A high-level delegation will accompany the Nepalese prime minister, the MEA said announcing the visit. “India and Nepal enjoy age-old and special ties of friendship and cooperation. In recent years, the partnership has witnessed significant growth in all areas of cooperation,” the MEA said in a statement. “The upcoming visit will provide an opportunity to the two sides to review this wide-ranging cooperative partnership and to progress it further for the benefit of the two peoples,” it said.

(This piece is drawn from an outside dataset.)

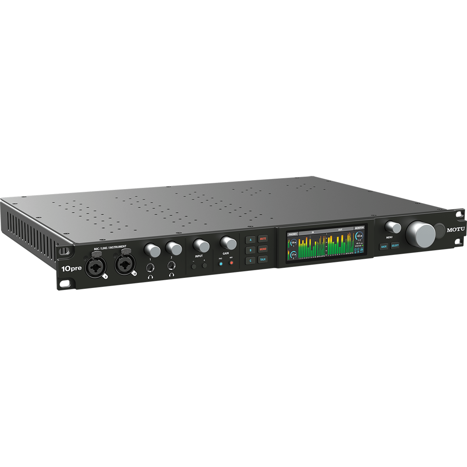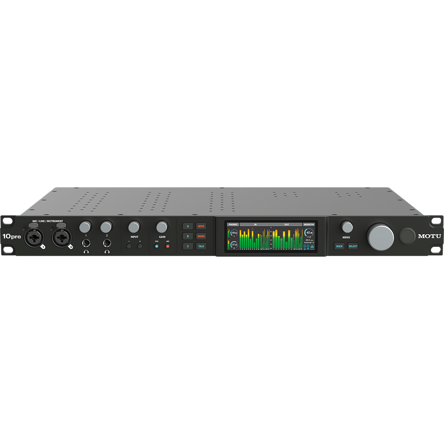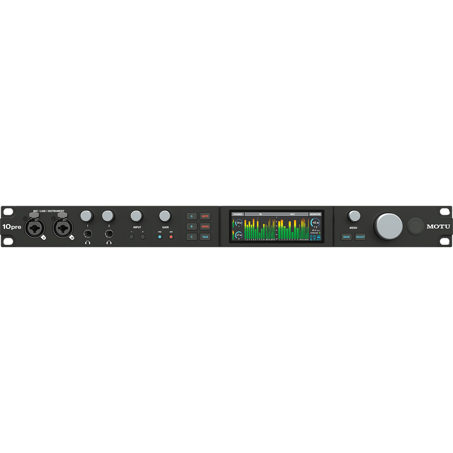 Additional features The new 10pre is AVB-compatible with all other MOTU AVB interfaces. 256 channels of host computer I/O (128 in / 128 out) via Thunderbolt or USB3. 16 8-channel streams for 256 channels of network audio I/O (128 in / 128 out). Each audio stream can be individually configured between 1-8 audio channels. Use multiple PC hosts on the network. Each host can send/receive to all devices and other hosts. Use existing Ethernet wiring. Just replace Ethernet switches with AVB-compatible switches. Shared operation with standard Ethernet devices like wireless routers, switches, etc. Supports 1722.1 for Connection Management and Control. Supports AAF stream formats and the legacy AM8-24 format, configurable per stream. Gigabit Ethernet speeds support many devices on the network. Easy, one-click clock sync across all MOTU devices on the network. Control everything from your laptop, tablet and phoneCueMix™ Pro is the consummate app for controlling everything in the 10pre, including device settings, signal routing and 64-channel mixing and effects. Available for macOS, Windows, and iOS, you can run CueMix Pro on multiple devices at the same time and access the 10pre wirelessly through Wi-Fi. As a 1722.1 controller, CueMix Pro can also be used to access AVB-related settings in 3rd-party devices on the network.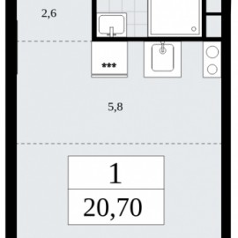 Однокомнатная квартира-студия от застройщика с отделкой в ЖК "Бунинские кварталы" на 4 этаже. Общая площадь: 20.9 кв.м., площадь гостиной 12.5 кв.м., из которых 5.2 кв.м. выделено под кухонную зону. Все окна выходят на одну сторону. В квартире один балкон, один совмещенный санузел....

The MEA said Deuba will call on the Vice President and hold talks with Prime Minister Modi on April 2. National Security Advisor Ajit Doval and External Affairs Minister S Jaishankar will also call on the visiting leader. “Besides official engagements in New Delhi, the Prime Minister of Nepal will visit Varanasi,” the MEA said. It will be Deuba’s first bilateral visit abroad after becoming prime minister in July last year for a fifth time following a spell of political turmoil in Kathmandu.Deuba had visited India in each of his four earlier stints as prime minister of Nepal. His last visit to India in his capacity as prime minister was in 2017.
Nepal is important for India in the context of its overall strategic interests in the region, and the leaders of the two countries have often noted the age-old “Roti Beti” relationship. The country shares a border of over 1,850 km with five Indian states Sikkim, West Bengal, Bihar, Uttar Pradesh and Uttarakhand.
Land-locked Nepal relies heavily on India for the transportation of goods and services. Nepal’s access to the sea is through India, and it imports a predominant proportion of its requirements from and through India. The India-Nepal Treaty of Peace and Friendship of 1950 forms the bedrock of the special relations between the two countries. Ties between India and Nepal came under severe strain after Nepal published a new political map in 2020 that showed the three Indian territories – Limpiyadhura, Kalapani and Lipulekh – as part of Nepal.
India reacted sharply, calling it a “unilateral act” and cautioning Kathmandu that such “artificial enlargement” of territorial claims will not be acceptable to it. Foreign Secretary Harsh Vardhan Shringla visited Nepal in November 2020 with an aim to reset the ties. Shringla’s trip was followed by a visit to India by then Nepalese foreign minister Pradeep Kumar Gyawali.